Frequency assessment for category M7: Communication-related problems

In Fig. 19, it is shown that a majority of the survey participants (48%) rated this challenge as rather critical. This also reflects the findings from the interviews that communication via representatives is perceived as fundamentally challenging. Furthermore, the survey participants rated the challenge of spatial distances (C74) as more frequent with 68%. This aspect also often affects suppliers and can be a reason for communication problems with the supplier. Challenges relating to communication problems due to cultural differences (C75) ore language barriers (C76) occur less frequently (55% and 55%), but are assessed as rather critical with 47%. That was also mentioned in the interviews that when other cultures or non-native speakers are involved in projects, this is challenging. It can be assumed that a high proportion of survey participants who never face challenges C75 and C76 are not involved in international projects or work alone on the test case specification. Unfortunately, this is not evident from the recorded data.

Fig. 19
figure 19

Criticality assessment for category M7: Communication-related problems

M8: Quality assurance related problems

Figure 20 shows that survey participants are predominantly confronted with the identified challenges. Basically, challenges regarding quality assurance related problems (M8) can be considered as frequently occurring, because they were answered between 57 and 81% with “sometimes” to “very often.” It is impressive that all of the identified challenges have been rated as occurring more frequently by the survey participants with more than 57% (cf. Fig. 20). This underlines the fact that quality assurance measures in particular have to be introduced to improve the quality of automotive test case specifications and it also confirms the necessity of our research. This is also indicated by the fact that in our investigated research context, the lack of existing metrics for quality evaluation of test case specifications (C79 and C80) is assessed by 61% and 75% of the survey participants as rather frequent.

Fig. 20
figure 20

Frequency assessment for category M8: Quality assurance related problems

Furthermore, challenge C79 was rated as most critical by 67% of the survey participants (cf.

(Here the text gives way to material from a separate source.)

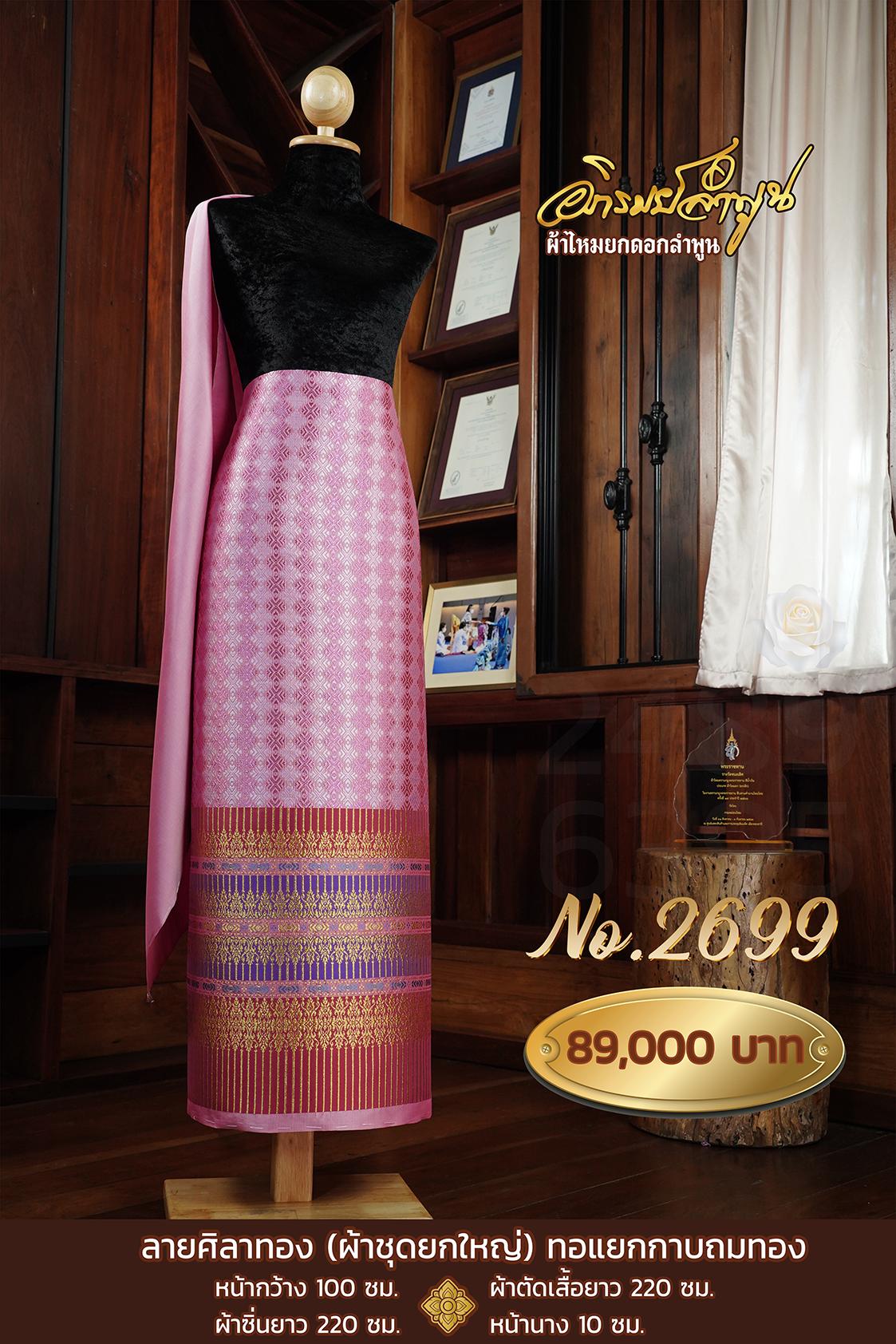 ผ้าชุดยกใหญ่ ลายศิลาทอง(ทอแยกกาบถมทอง) หน้ากว้าง100ซม. ผ้าตัดเสื้อยาว220ซม. ผ้าซิ่นยาว220ซม. หน้านาง10ซม.

Fig. 21). The lack of established review processes (C83) was rated as particularly frequent by 64%. In this context, we assume correlations with challenges C78, C79, and C80. In addition, organizational challenges, such as lack of staff (C84, 81%) and time (C86, 80%), were rated as occurring most frequently. Moreover, effects of system complexity can also be seen here. Test case specifications partly comprise several 1000 test cases and are very large. One interviewee mentioned that it would take longer to review a test case specification than to write it and therefore not all test cases can be reviewed. The survey results underpin this statement that the size of test case specifications often means that only random reviews can be conducted (C85, 67%). The challenge that tools do not provide automated quality reports (C81) was rated as rather uncritical by 50%. This could be related to the lack of understanding of quality metrics (C79). Since other metrics than requirement coverage rarely seem to be known, no tool that calculates quality characteristics is missing either.

Fig. 21
figure 21

Criticality assessment for category M8: Quality assurance related problems

M9: Tool-related problems

Figure 22 shows that survey participants, with the exception of challenge C92, answered most questions of category M9 as more frequently occurring (between 50 and 81%). This confirms the impression gained from the interviews that tools as a whole are often perceived as a challenge. Only 18 to 22% of the survey participants did not answer.

Fig. 22
figure 22

Frequency assessment for category M9: Tool-related problems

At the top of the ranking regarding frequency are the challenges C87 (heterogeneous tools) and C90 (non-continuous tool chains) with 81% and 72%. In contrast, the use of heterogeneous tools (C87) is considered to be rather uncritical (37%), as shown in Fig. 23. However, if interface problems occur during the exchange of data between heterogeneous tools (C90), this is evaluated as rather critical (36%). From the free text answers, it can be seen that especially in case of problems with the tool chains the support is usually not able to help quickly. Increasingly, interface problems were mentioned, which may be caused by the tool chains used in the company. This is also due to the fact that the survey participants rated the challenge C92 as rather critical (54%).

Fig. 23
figure 23

Criticality assessment for category M9: Tool-related problems

Concluding remarks on the assessment of the identified challenges

The results of the descriptive study show that the identified challenges are assessed differently in terms of their frequency of occurrence and criticality. In order to give a comprehensive overview of the assessments of all 92 challenges, we have calculated the mean values for the frequency of occurrence and criticality for each challenge and plotted them in a scatter plot (cf. Fig. 24). This reveals the differences between the assessments of challenges for each category. Table 7 shows the data associated with Fig. 24.

Fig. 24
figure 24

Distribution of challenges in terms of frequency of occurrence and criticality

Table 7 List of challenges with assessment of frequency and criticality according to Fig. 24

We are aware that for ordinal data the median should be used to measure the central tendency instead of the mean. However, the treatment of ordinal scales as interval scales is controversially discussed (Knapp 1990) but it has become common practice (Blaikie 2003). Therefore, we interpret the Likert scales as “measurement per fiat” and treat them as interval scaled in this section.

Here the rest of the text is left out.